Они прошли через сад. Титус прижимал к себе папку, Джулия бросала на него любопытные взгляды. Сад заканчивался ярдах в десяти от оконечности мыса, дальше через ворота можно было выйти на тропинку, с которой открывался вид на весь берег и парковку, забитую машинами и трейлерами. На пляже людно, многие уже купаются. Джулия где-то наткнулась на описание этого пляжа – дескать, лучшее место английского побережья, самый длинный пляж, семь миль протяженностью, чистейший песок. Безопасный к тому же – отлив отступал от берега на полмили, а потом неторопливо, кротко возвращался на плоское, почти без выступов, песчаное дно. Не море, а мелкое, теплое озеро. Спокойное, без волн, насыщенно синее, как сапфир.

– Наверное, вы очень любите эти места, – попыталась подольститься к писателю Джулия.

Тот не ответил. Титус спросил, не утомляет ли его прогулка. Судя по словам Джеральда, ему не слишком нравилось это занятие.

– Я вообще не люблю физические нагрузки. Только сумасшедшим нравится ходить пешком. Разумные люди изобрели автомобиль.

К тропинке выходили ворота с надписью «Отель «Дюны». Вход только для постояльцев». Джеральд отворил ворота и отступил в сторону, пропуская Джулию. Гостиница из красного кирпича, с белыми оконными рамами, с множеством флигелей, построенная в эдвардианском стиле, тянулась чуть выше по склону холма у них над головой. За столиками уже пили чай. В бассейне, полускрытом плетеной изгородью, плескались дети.

– Как дети поживают?

– У нас их нет, – ответила Джулия.

– В самом деле? Почему?

– Не знаю. – Вопрос ее ошарашил. Разве об этом спрашивают? – Я… я, пожалуй, не хочу ребенка.

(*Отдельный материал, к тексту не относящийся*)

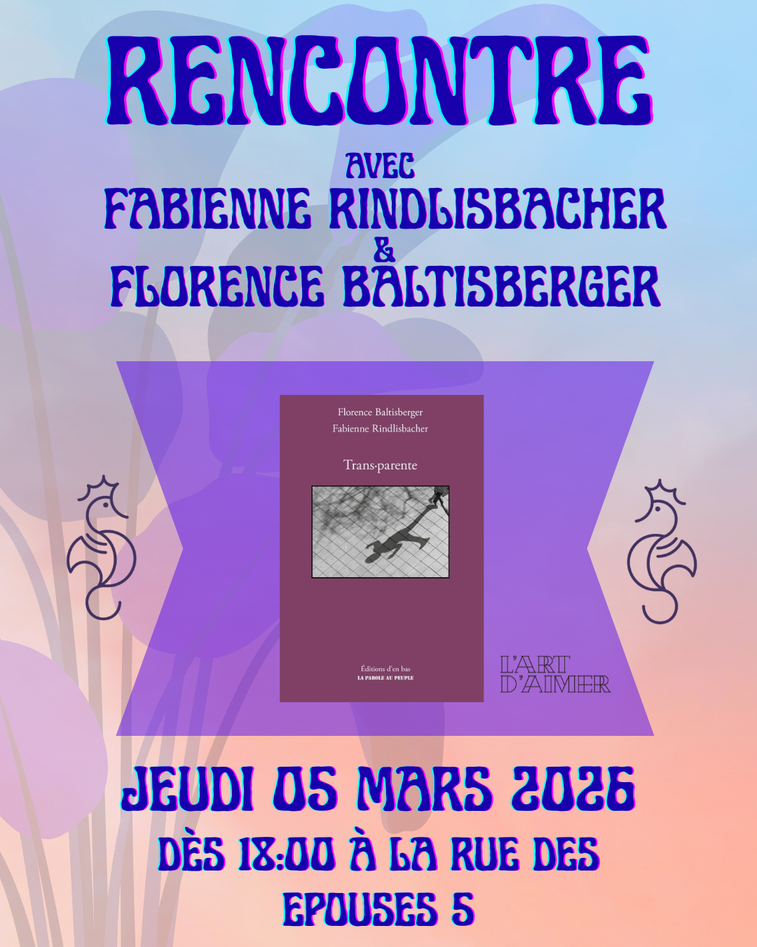 Dans le cadre de notre cycle L’Art d’aimer les rencontres, nous avons le plaisir d’accueillir Catherine Choffat à la librairie. 👉 Jeudi 29 janvier 2026 à 18h00, l’autrice viendra présenter

Еще одни ворота – и они вышли на широкую лужайку.

– Не собираетесь иметь ребенка? – переспросил Джеральд. – Это противоестественно. Вы должны передумать, пока не поздно. Вы же не боитесь рожать? У женщин это бывают. Дети – венец творения. Источник всего нашего счастья. Высшая награда для человека. Можете мне поверить. Вот мы и вышли к людям.

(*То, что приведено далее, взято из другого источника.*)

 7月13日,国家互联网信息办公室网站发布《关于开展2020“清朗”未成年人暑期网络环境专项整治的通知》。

Джулия обозлилась настолько, что чуть не нагрубила великому человеку. Она оглянулась на мужа – Титус отвел глаза. Она снова обернулась к Джеральду, собираясь молча пожать ему руку на прощание, развернуться и уйти в номер. Нехотя протянула руку, но Джеральд не принял ее. На этот раз причиной странного поведения была не «эксцентричность», а что-то другое: Кэндлесс во все глаза смотрел вверх, на террасу гостиницы. Его лицо выражало изумление, если не ужас. Взгляд немигающий, застывший. Джулия проследила за его взглядом.

Ничего особенного. Какие-то пожилые люди собрались на террасе. Еще вчера Джулия обратила внимание на них: не плавают, не гуляют, не смеют спуститься с утеса – обратно-то не залезть. Старики сидели под зонтиками, под голубыми в белую полоску навесами, пары, приближающиеся к золотой свадьбе, дедушки и бабушки, умиротворенные и малоподвижные.

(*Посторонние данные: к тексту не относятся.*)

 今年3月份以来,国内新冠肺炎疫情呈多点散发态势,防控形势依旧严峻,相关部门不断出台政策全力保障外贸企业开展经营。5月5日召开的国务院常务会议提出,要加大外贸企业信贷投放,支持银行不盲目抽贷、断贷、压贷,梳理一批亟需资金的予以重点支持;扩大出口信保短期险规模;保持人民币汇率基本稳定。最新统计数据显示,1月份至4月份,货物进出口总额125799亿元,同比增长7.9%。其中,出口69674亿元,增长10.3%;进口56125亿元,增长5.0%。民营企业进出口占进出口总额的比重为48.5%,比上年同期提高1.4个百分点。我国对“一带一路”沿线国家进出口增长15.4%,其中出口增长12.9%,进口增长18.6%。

– Кто-то знакомый? – поинтересовался Титус.

Джеральд походил на спящего, на сбитого с толку лунатика, который слепо нащупывает дорогу. Но этот вопрос разрушил чары, прервал сон. Джеральд провел рукой по высокому морщинистому лбу, запустил пальцы в густую шевелюру.

– Ошибся, – пробормотал он. Опустил руку, попрощался как следует, улыбаясь все так же – только красным хищным ртом, а не глазами. Глаза были мертвые.

Супруги не стали смотреть ему вслед. Не оглянулись, не помахали, быстрым шагом пересекая террасу, чтобы войти в гостиницу через распахнутые стеклянные двери холла. Джулия на миг приостановилась, оглядела старичков за столиками. Как много они курят! У каждого сигарета во рту, переполненные пепельницы, чайники и чашки с чаем, пирожные на тарелках, колоды карт – все под рукой, кроме солнечных очков или крема для загара. Они не выходят на солнце. Какая-то женщина приводила в порядок лицо, смотрелась в зеркальце раскрытой пудреницы, рисовала на сморщенном старом ротике розовые губы.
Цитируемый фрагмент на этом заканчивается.